# System\Precopy Question



## hookab2553 (Sep 5, 2004)

When installing the drivers for my sound card, I was asked to insert the windows 98 cd. Had 
something about the C:\\windows\system\precopy\swmidi.sys. I searched all folders in c and was unable to find anything regarding precopy. What is this?

Source:
c:\\windows\system\precopy\swmidi.sys

Destination
c:\\windows\system32\drivers\swmidi.sys=driver20.CAB

Please explain in terms I can understand as I am new at this


----------



## junker39 (Jun 13, 2004)

Is that what the message said after you inserted the 98 disk? You may need to be a little more specific than "said something about..."


----------



## hookab2553 (Sep 5, 2004)

junker39 said:


> Is that what the message said after you inserted the 98 disk?
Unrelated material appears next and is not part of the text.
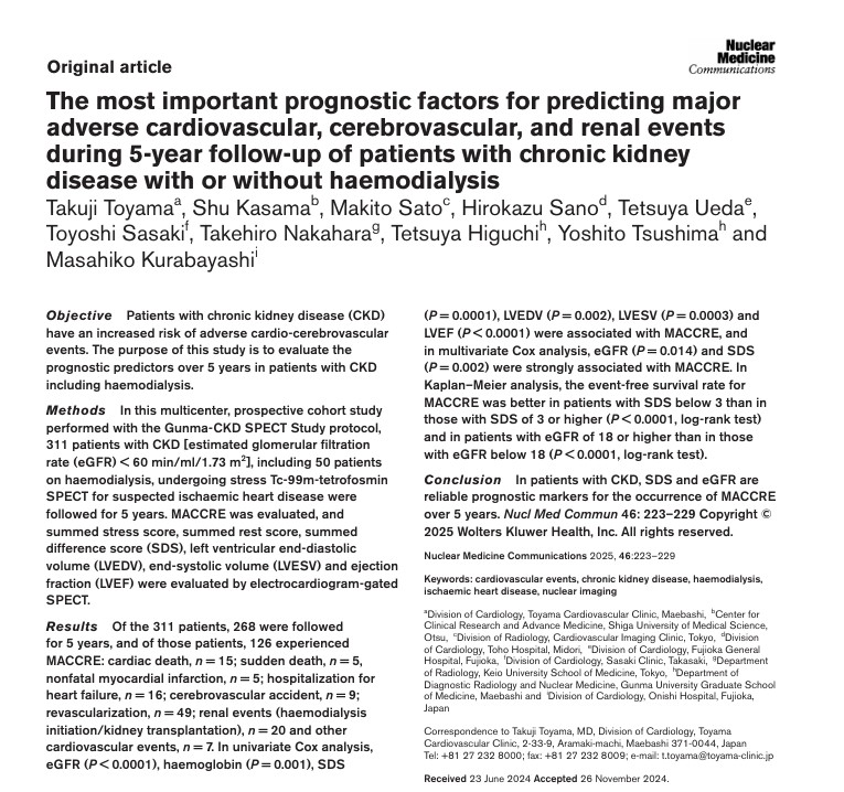 Toyama T, Kasama S, Sato M, Sano H, Ueda T, Sasaki T, Nakahara T, Higuchi T, Tsushima, Kurabayashi M: The most important prognostic factors for predicting major adverse cardiovascular, cerebrovascular, and renal events during 5-year follow-up of patients with chronic kidney disease with or without hemodialysis Nucl Med Commun. 2025 Mar 1; 46(3): 223-229

You may need to be a little more specific than "said something about..."


 After I inserted the windows 98 disk, a box came up on the right it said:
ok
browse
ignore
cancel
on the right side theres a box that says: 
A:system\precopy (or you select the drive letter and search for what is in that box)
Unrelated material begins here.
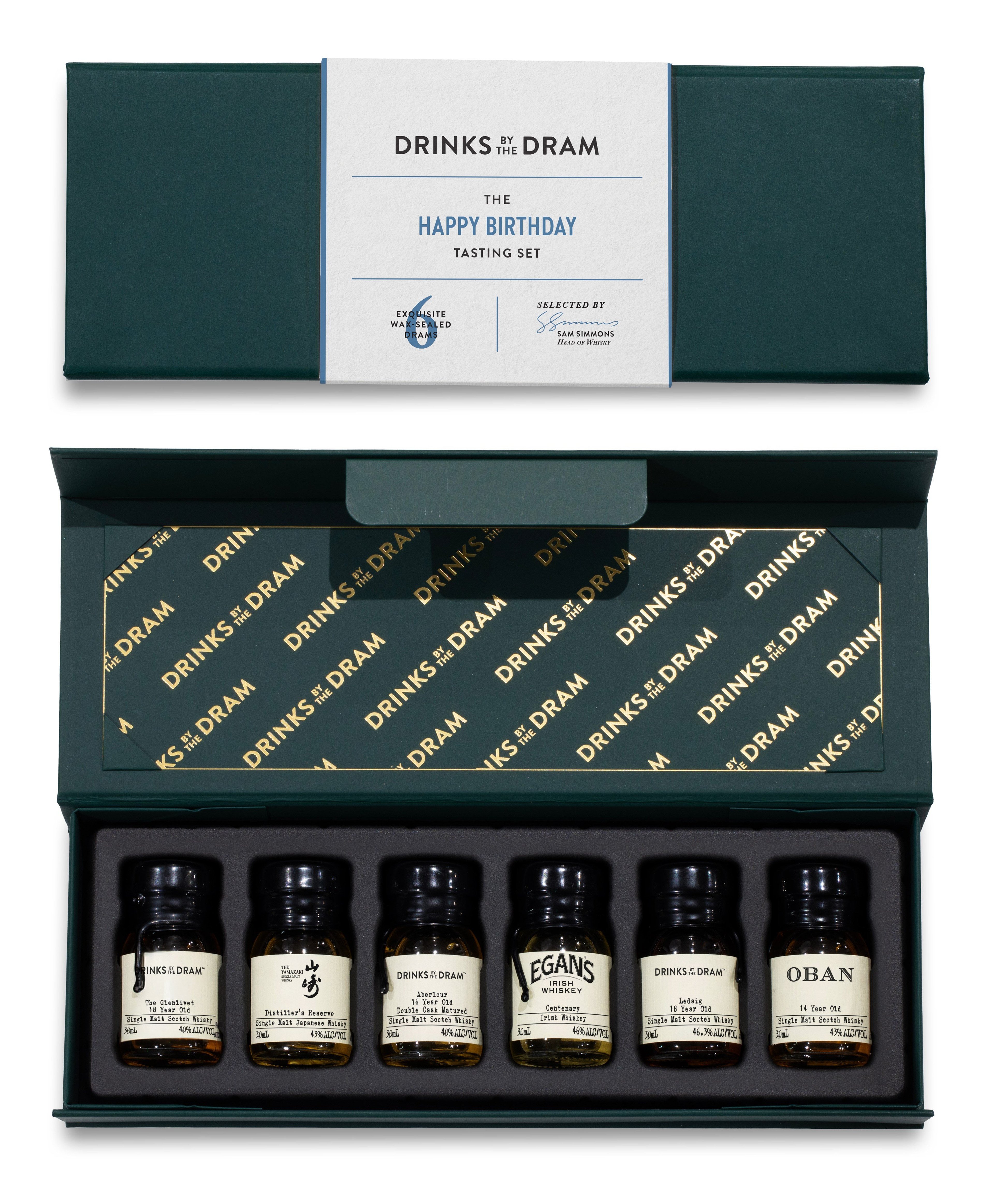Spoil someone special on their birthday with this splendid premium whisky tasting set! Within this box await six wax-sealed 30ml whisky samples from some of the world's top distilleries and producers – so they'll be filled with cheer (and whisky) on their big day.

Than another box opens up, on the top left it will have highlighted what you need to search for, on the right bottom you choose the drive letter and up above a box will have the the folders you need to search for the item in. You search all the folders when you find the folder the item is in, it will show up on the right, then you click ok. The system\precopy should have been in either the system or system32 folder. I can't find it in any folder on C: or on the 98 disk. Does this explain what you need to know?


----------



## junker39 (Jun 13, 2004)

There are two PreCopy Zip files on the 98SE disk in the Win98 folder. But the swmidi.sys should be in C:/Windows/System32/Drivers. (At least it is on all my 98 machines. )


----------



## junker39 (Jun 13, 2004)

http://www.soundcard-drivers.com/drivers/10/10420.htm You can also D/L it from here.


----------